WORK REQUEST>
Would you write out the full listing exactly, without any pictures?

GIVEN INFORMATION>
◇ ◇ ◇ ◇ ◇

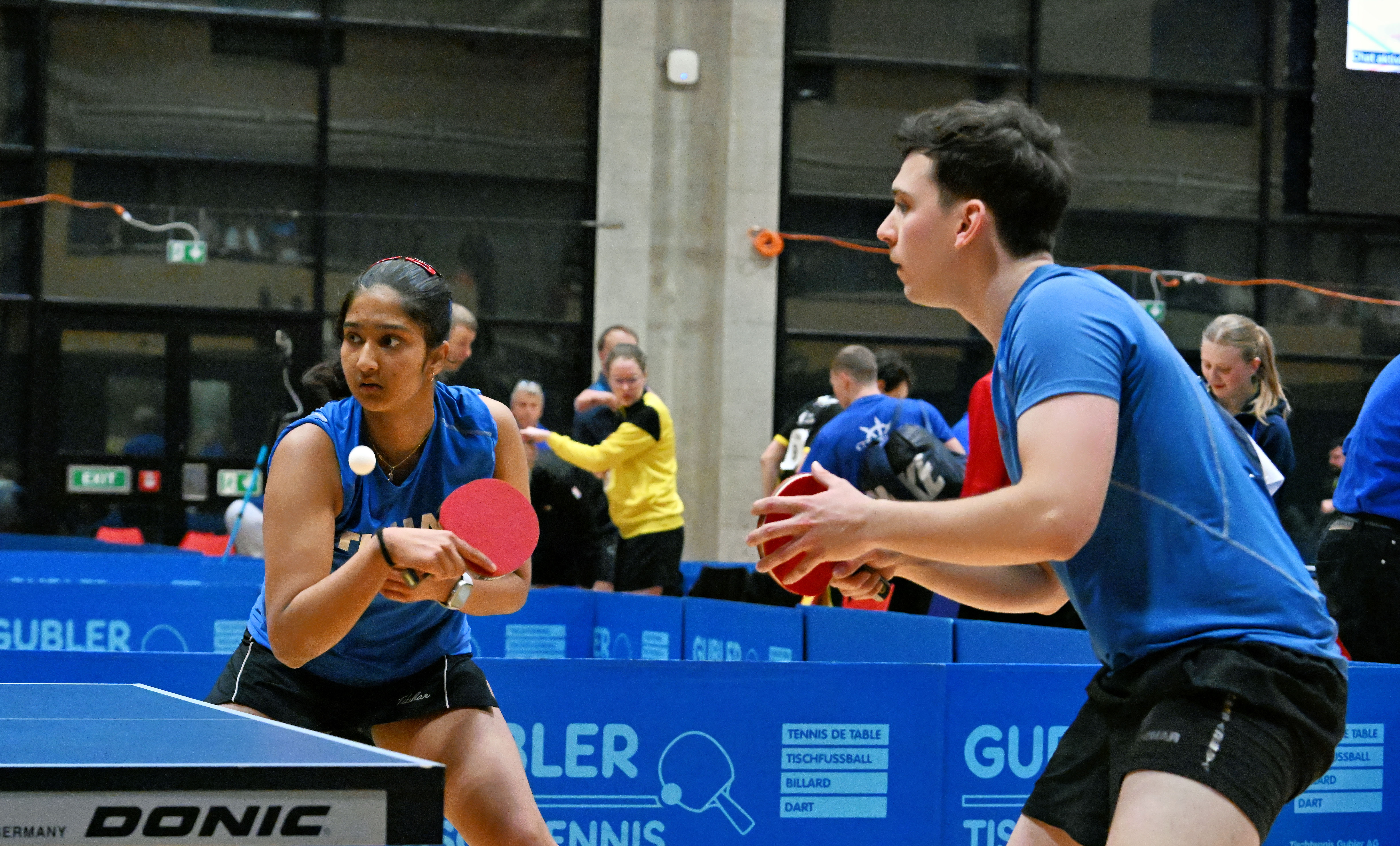 Wie üblich startete der Samstag mit dem Mixed Doppel. Barish musste an der Seite von Nina Tullii (La Chaux-de-Fonds) einen phänomenalen Start von ex-YSZ’ler Severin Scherer (Rio-Star Muttenz) und dessen Partnerin Emily Wu (Uster) hinnehmen, ehe die Neuenburger den Spiess drehten und gegen Champod/Maurer (Bernex) die Chance aufs Podest hatten. In einem packenden Match mit vielen spektakulären Ballwechseln gelang es Barish und Nina dann auch dank einem Schlussfurioso im Entscheidungssatz den Sieg an sich zu reissen und ihre zweite gemeinsame Medaille zu sichern. Zeitgleich war auf dem Nebentisch sein Mannschaftskapitän Filip mit Akhyata Patra (Neuhausen) gegen die haushohen Favoriten, Doutaz/Rebetez (ZZ-Lancy), nahe am Exploit. Die amtierenden Ostschweizer Meister kämpften sich auf heroische und dramatische Weise zurück in die Partie, unterlagen letztendlich aber leider nach zwischenzeitlicher Führung im Entscheidungssatz mit 11-13!
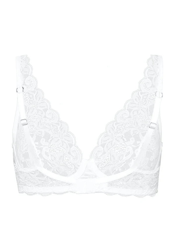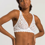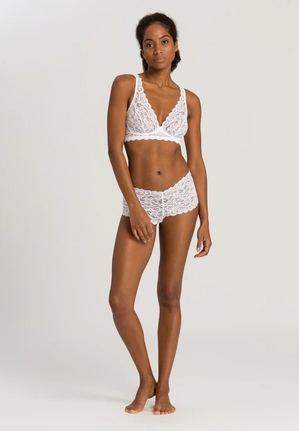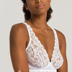 Adding a touch of elegance to the everyday, the HANRO Luxury Moments All Lace Soft Cup Bra features flattering support and shape without requiring a wire. A deep V-neckline and see-through, seamed cups provide support and shape to this underwear essential, while scalloped lace detailing adds a touch of feminine sophistication. With hook and eye closure at the back, this bra has adjustable elastic straps with metal hardware to deliver a custom fit and feel.
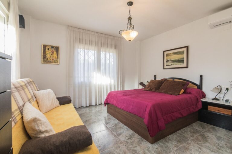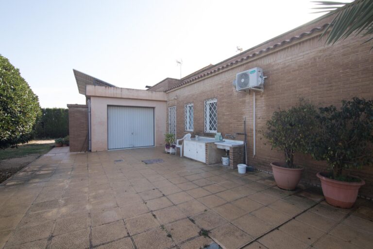 Presentamos este espectacular chalet ubicado en la tranquila zona de Alzabares, a un paso del casco urbano, dentro del término municipal de Elche. Con una generosa superficie construida de 480 m² y un área útil de 210 m², esta propiedad destaca por su buen estado y confortabilidad. La vivienda cuenta con cuatro amplias habitaciones dobles, todo en una planta; más un espacio extra en planta alta, a modo de comodín, para que lo destines a tus necesidades familiares o como espacio adicional para invitados. Además, dispone de dos baños completos y un aseo para mayor comodidad, armarios empotrados en las habitaciones y pasillo, vestidor en la habitación principal.

◇ ◇ ◇ ◇ ◇

EXERCISE ANSWER>
 Wie üblich startete der Samstag mit dem Mixed Doppel. Barish musste an der Seite von Nina Tullii (La Chaux-de-Fonds) einen phänomenalen Start von ex-YSZ’ler Severin Scherer (Rio-Star Muttenz) und dessen Partnerin Emily Wu (Uster) hinnehmen, ehe die Neuenburger den Spiess drehten und gegen Champod/Maurer (Bernex) die Chance aufs Podest hatten. In einem packenden Match mit vielen spektakulären Ballwechseln gelang es Barish und Nina dann auch dank einem Schlussfurioso im Entscheidungssatz den Sieg an sich zu reissen und ihre zweite gemeinsame Medaille zu sichern. Zeitgleich war auf dem Nebentisch sein Mannschaftskapitän Filip mit Akhyata Patra (Neuhausen) gegen die haushohen Favoriten, Doutaz/Rebetez (ZZ-Lancy), nahe am Exploit. Die amtierenden Ostschweizer Meister kämpften sich auf heroische und dramatische Weise zurück in die Partie, unterlagen letztendlich aber leider nach zwischenzeitlicher Führung im Entscheidungssatz mit 11-13!
 Adding a touch of elegance to the everyday, the HANRO Luxury Moments All Lace Soft Cup Bra features flattering support and shape without requiring a wire. A deep V-neckline and see-through, seamed cups provide support and shape to this underwear essential, while scalloped lace detailing adds a touch of feminine sophistication. With hook and eye closure at the back, this bra has adjustable elastic straps with metal hardware to deliver a custom fit and feel.
 Presentamos este espectacular chalet ubicado en la tranquila zona de Alzabares, a un paso del casco urbano, dentro del término municipal de Elche. Con una generosa superficie construida de 480 m² y un área útil de 210 m², esta propiedad destaca por su buen estado y confortabilidad. La vivienda cuenta con cuatro amplias habitaciones dobles, todo en una planta; más un espacio extra en planta alta, a modo de comodín, para que lo destines a tus necesidades familiares o como espacio adicional para invitados. Además, dispone de dos baños completos y un aseo para mayor comodidad, armarios empotrados en las habitaciones y pasillo, vestidor en la habitación principal.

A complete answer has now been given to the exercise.